Africa is well-positioned to leverage its immense wealth of critical minerals to participate in the global shift towards renewables while promoting socioeconomic growth, job creation, and local content development.Critical minerals are essential for the development of renewable energy technologies such as solar panels, wind turbines, green hydrogen, electric vehicles (EVs), and battery storage, and Africa’s mineral wealth has the potential to benefit not only the continent, but to provide a foundation for the global energy transition.
Accounting for more than 85% of most solar photovoltaic components, aluminum – for which bauxite accounts roughly 98% of its primary production – is used in most low-carbon technologies.
Africa is home to approximately one-third of global bauxite reserves, with Guinea alone having accounted for over half of global aluminum ore exports in 2020.
What’s more, chromium accounts for over a third of the mineral demand for both geothermal and hydropower technologies and serves as a requisite material for the development of concentrated solar power (CSP). South Africa accounted for nearly 45% of the world’s chromium production in 2021, while Africa accounted for over 80% of global chromium ore exports in 2020. According to the International Energy Agency (IEA), chromium demand is expected to triple by 2030.
Meanwhile, the IEA predicts that global demand for cobalt will rise six-fold by 2040, the vast majority of which is located in the DRC and Zambia.
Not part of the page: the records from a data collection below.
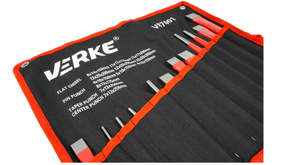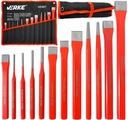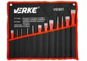 Zestaw przecinaków, dłut i punktaków niezwykle przydatny w każdym domu lub warsztacie. Wykonane ze stali Cr-V. 12 elementów stanowi komplet najpotrzebniejszych narzędzi. Wszystkie elementy zostały uporządkowane w praktycznym i wytrzymałym pokrowcu, do wygodnego przechowywania i przewożenia. Wysoka jakość wykonania zapewnia trwałość na długie lata.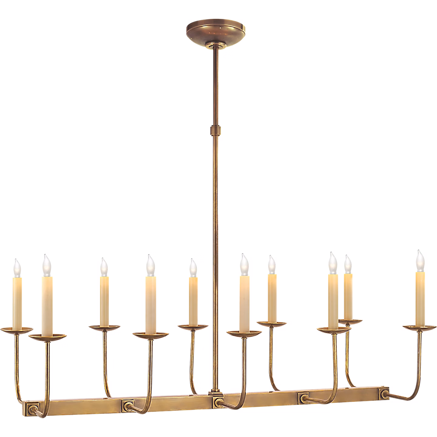 Linear Branched Chandelier in Hand-Rubbed Antique Brass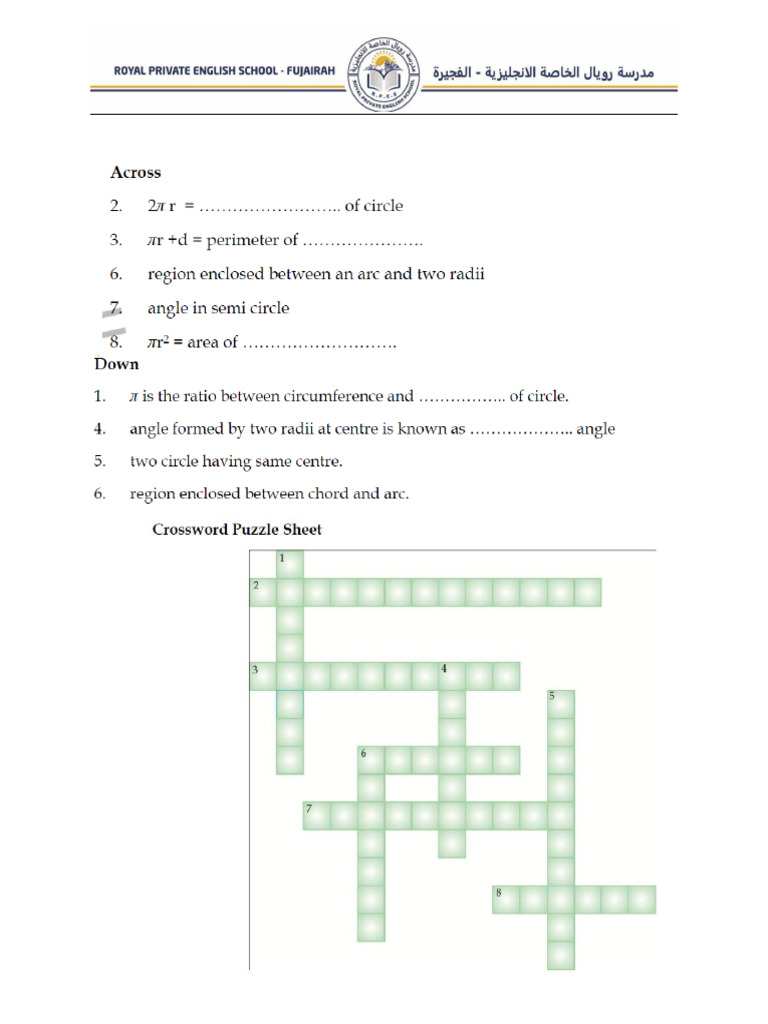 Circles Vocabulary Activity Crossword Puzzle by Infinity Math Creations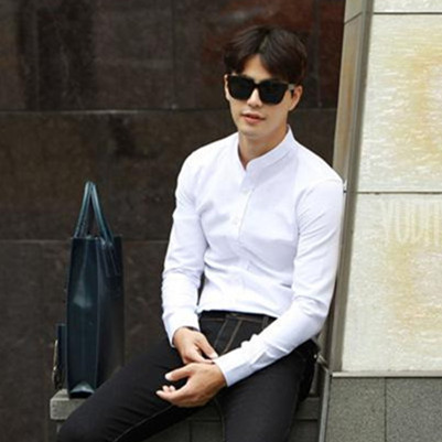Kemeja kerah berdiri untuk pria, kemeja pas badan lengan panjang gaya Korea kerah kecil, kemeja pernikahan kerah bulat warna putih trendi untuk pria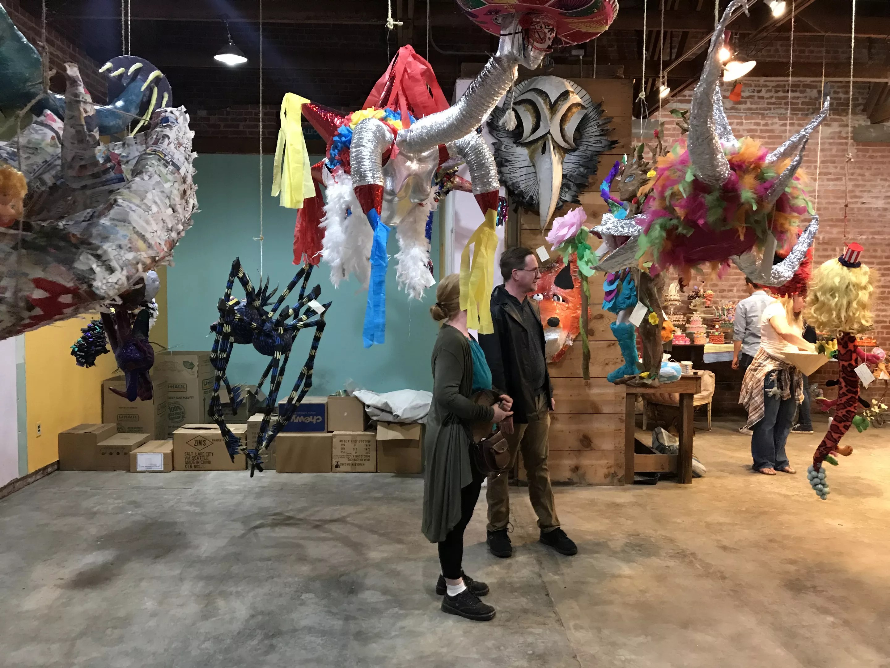 Creative types converged on a funky art space called Weird Garden Friday night, eager to see an eclectic mix of piñata-style artworks made by artists and community members. Beatrice Moore, a longtime staple of the downtown arts scene, stood washing her hands over a large sink, as people milled through the space, exploring piñatas shaped like everything from roof rats to Donald Trump.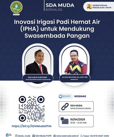 ✨ Jangan lewatkan kesempatan berharga ini untuk belajar, berdiskusi, dan terinspirasi langsung dari para narasumber ahli dan praktisi muda yang telah berkecimpung di bidang irigasi dan pertanian.
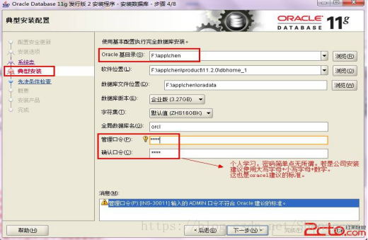 6、典型安装。 重要步骤。建议只需要将Oracle基目录更新下,目录路径不要含有中文或其它的特殊字符。全局数据库名可以默认,且口令密码,必须要牢记。密码输入时,有提示警告,不符合Oracel建议时不用管。 (因Oracel建议的密码规则比较麻烦, 必须是大写字母加小写字母加数字,而且必须是8位以上。麻烦,可以输入平常自己习惯的短小密码即可)如图:建议使用orcl作为密码 和数据库名一致。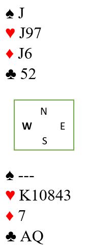 Vest skal spille 4 hjerter. Fra nord kommer spar knekt i utspill.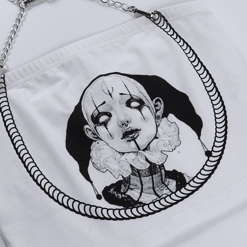 Женский топ с открытой спиной Y2K, белый облегающий топ в стиле панк с цепочкой и готическим принтом, уличная одежда в стиле хип-хоп, летние укороченные топы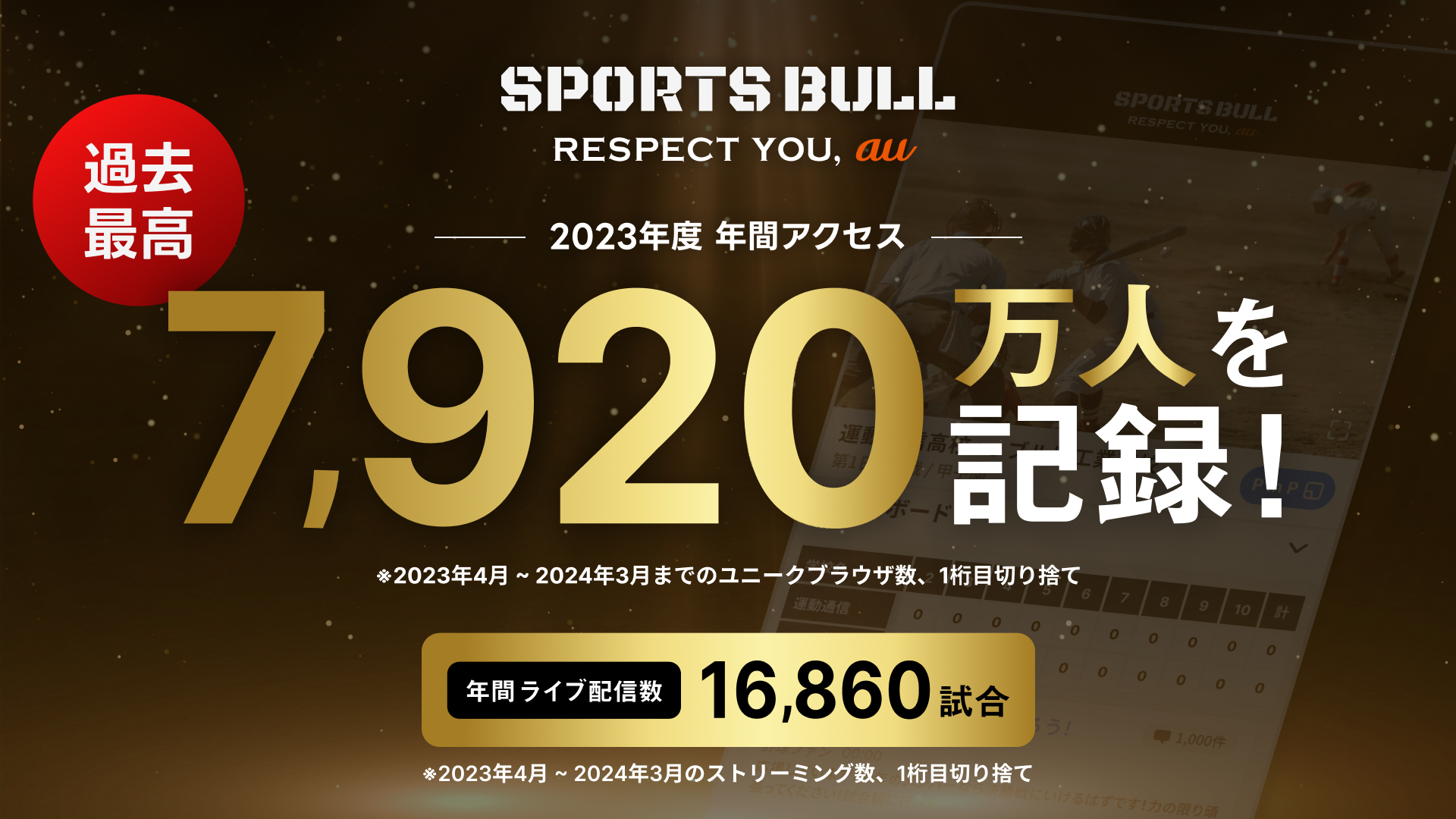 サービス開始から8年目となった2023年度、過去最多の年間16,860試合以上のライブ配信を実現し、年間来訪者数(ユニークブラウザ数)においても7,920万人(前年比121.0%)を記録。過去最高だった2022年度を更に上回る結果となりました。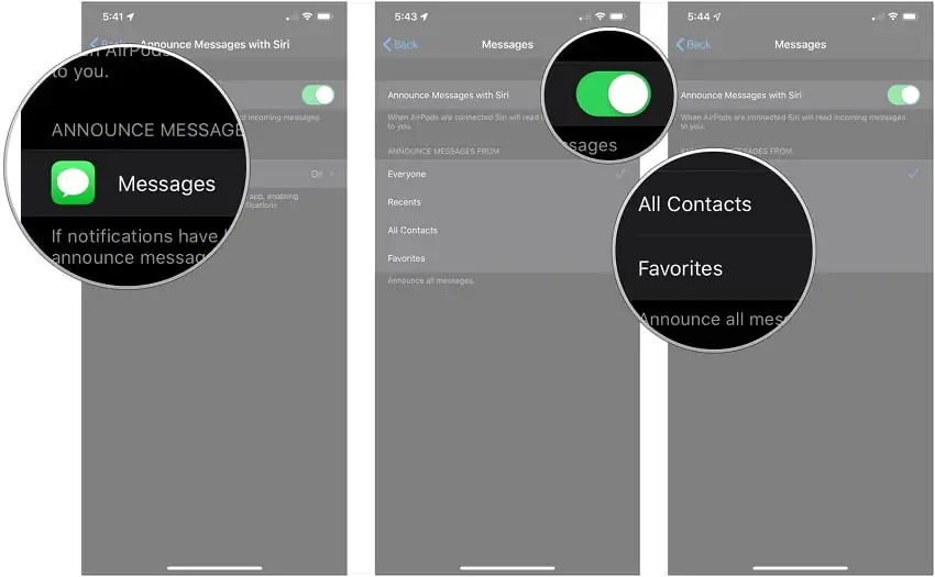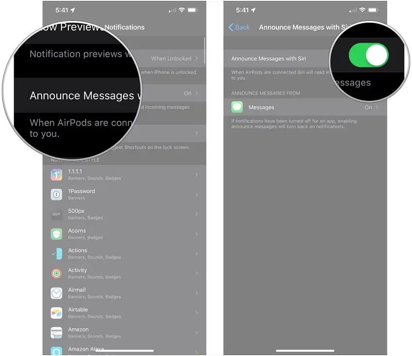 • ‘Siri ile Mesajları Bildir (Announce Messages With Siri)’ seçeneğine (butonuna) dokunun.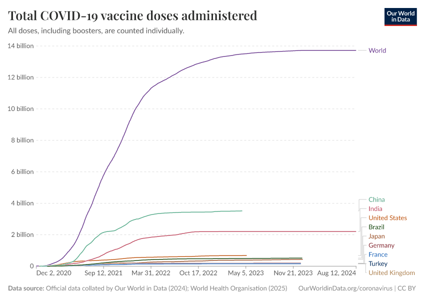 “Data Page: Total COVID-19 vaccine doses administered”, part of the following publication: Edouard Mathieu, Hannah Ritchie, Lucas Rodés-Guirao, Cameron Appel, Daniel Gavrilov, Charlie Giattino, Joe Hasell, Bobbie Macdonald, Saloni Dattani, Diana Beltekian, Esteban Ortiz-Ospina, and Max Roser (2020) - “COVID-19 Pandemic”. Data adapted from Official data collated by Our World in Data, World Health Organisation. Retrieved from https://archive.ourworldindata.org/20250909-093708/grapher/cumulative-covid-vaccinations.html [online resource] (archived on September 9, 2025).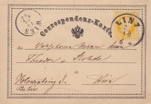 В Вене выпущена первая в мире почтовая открытка с маркой

Essential towards the production of lithium-ion batteries used in EVs and energy storage technologies, the DRC’s cobalt will be crucial towards the global shift from fossil fuel-based technologies.
Additionally, Zambia and the DRC are world-leading producers of copper, which is used in renewable energy systems to generate power from solar, hydro, thermal, and wind energy. In 2021, the DRC mined the third largest amount of copper on the globe while Zambia currently accounts for over 12% of global production.
Accounting for over one-fifth of the world’s reserves, Madagascar, Mozambique, and Tanzania’s combined graphite reserves will play a central role in the development of lithium-ion batteries, with the critical mineral serving as a crucial element for the development of EVs and battery storage technologies.
Furthermore, accounting for over a quarter of mineral demand for CSP development and serving as a crucial element for many green energy technologies, demand for manganese is expected to increase three-fold by 2030, according to the IEA. Over 60% of manganese production occurs in Africa, with Ivory Coast, Gabon, Ghana, and South Africa all producing the critical mineral, with the latter serving as the world’s largest producer.
The development of green hydrogen and decarbonisation of sectors such as heavy transport, heating, and industry would not be possible without the development of PGM minerals, which include the ideal metals, such as iridium, palladium, and platinum, for catalysts in proton exchange membrane fuel-cell technologies. South Africa accounted for over 70% of global platinum production between 2016 and 2020, and over 80% of global iridium production, while Zimbabwe serves as the world’s third largest producer of platinum and second largest producer of iridium.
The extraction and development of critical minerals has been taking an increasingly central position in the global economy. As such, competition for access to Africa’s critical minerals is expected to grow exponentially in the coming decades as the world transitions to a low-carbon energy future, with the world’s largest economies – China and the USA – vying for strategic control over global critical mineral supply chains, thus placing Africa at the heart of the global energy transition.
The nexus between the global energy transition and Africa’s critical minerals will be further unpacked during the African Critical Minerals Summit scheduled for this November in Johannesburg.